Начинался отсчет новой жизни.
Альпы встретили их слепящей белизной.
После серого, мокрого Цюриха этот свет бил по глазам как кварцевая лампа в операционной. Снег лежал на склонах метровым слоем, укрывая скалы, ели и крыши домов. Мир здесь казался стерильным, выстиранным с отбеливателем.
«Роллс-Ройс» с трудом полз по серпантину. Шипованная резина хрустела по льду.
Шале «Тишина» оправдывало свое название. Оно висело на краю ущелья, в десяти километрах от ближайшей деревни. Тупик. Дальше дороги не было. Только пики гор и небо, такое синее, что от него болела голова.
Дом был крепостью. Грубый камень, потемневшее от времени дерево, панорамные окна, в которых отражались облака.
Леманский купил его по телефону, даже не глядя. Ему нужна была изоляция. Карантин. Место, где можно разгерметизировать душу, не боясь, что ее разорвет перепадом давления.
Машина остановилась.
Степан заглушил мотор.
Тишина обрушилась на них как лавина.
Здесь не было шума города. Не было гула самолетов. Не было даже ветра. Воздух стоял неподвижно, звенящий, морозный, плотный.
Алина вышла из машины.
Она пошатнулась. Высота две тысячи метров. Разреженный воздух пьянил.

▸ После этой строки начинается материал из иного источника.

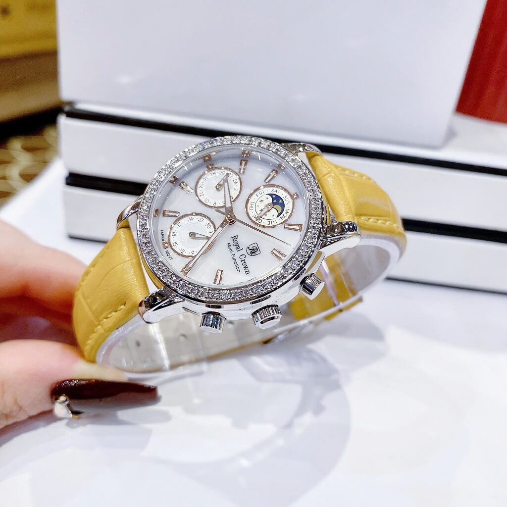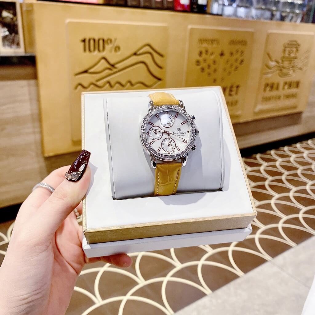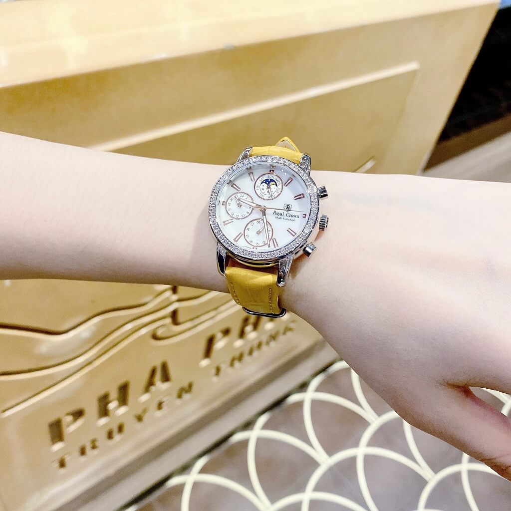 Thông số chi tiết sản phẩm: Đồng Hồ Nữ Royal Crown 6420 Dây Da Vàng Vỏ Màu Silver Size 35mm Chính Hãng

Она стояла, вцепившись в дверцу, и смотрела на горы.
В ее глазах был ужас.
В лагере горизонт всегда был ограничен колючей проволокой и вышками. Пространство было врагом. Здесь пространства было слишком много. Оно давило своей бесконечностью.
— Пойдем, — Леманский взял ее под локоть. Бережно, как хрустальную вазу. — В доме тепло.
Они вошли.
Внутри пахло кедром и дымом. Камин в гостиной — огромный зев, облицованный диким камнем — уже горел (смотритель протопил дом к приезду). Огонь плясал на поленьях, отбрасывая блики на медвежьи шкуры, брошенные на пол.

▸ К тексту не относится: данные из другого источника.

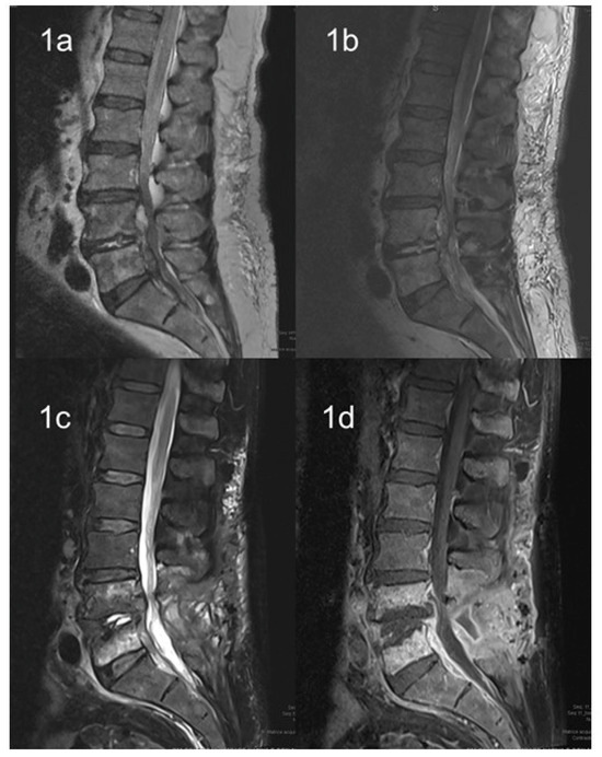 Evolution of MRI in a patient with epidural abscess by L. monocytogenes. (1a) T2 weighted image at baseline; (1b) T2 weighted image after 10 days; (1c,1d) T2 and T1 weighted with contrast at clinical resolution.

Алина остановилась посреди огромной гостиной.
В своем убогом драповом пальто, в стоптанных ботинках, с авоськой в руках она выглядела здесь инопланетянином. Или беженкой, которая случайно забрела в музей.
Она не снимала пальто. Ей было холодно изнутри.
Она медленно подошла к дивану. Итальянская кожа, цвет топленого молока.
Протянула руку. Коснулась спинки.
Ее пальцы — огрубевшие, с въевшейся в кожу чернотой, с обломанными ногтями — дрожали.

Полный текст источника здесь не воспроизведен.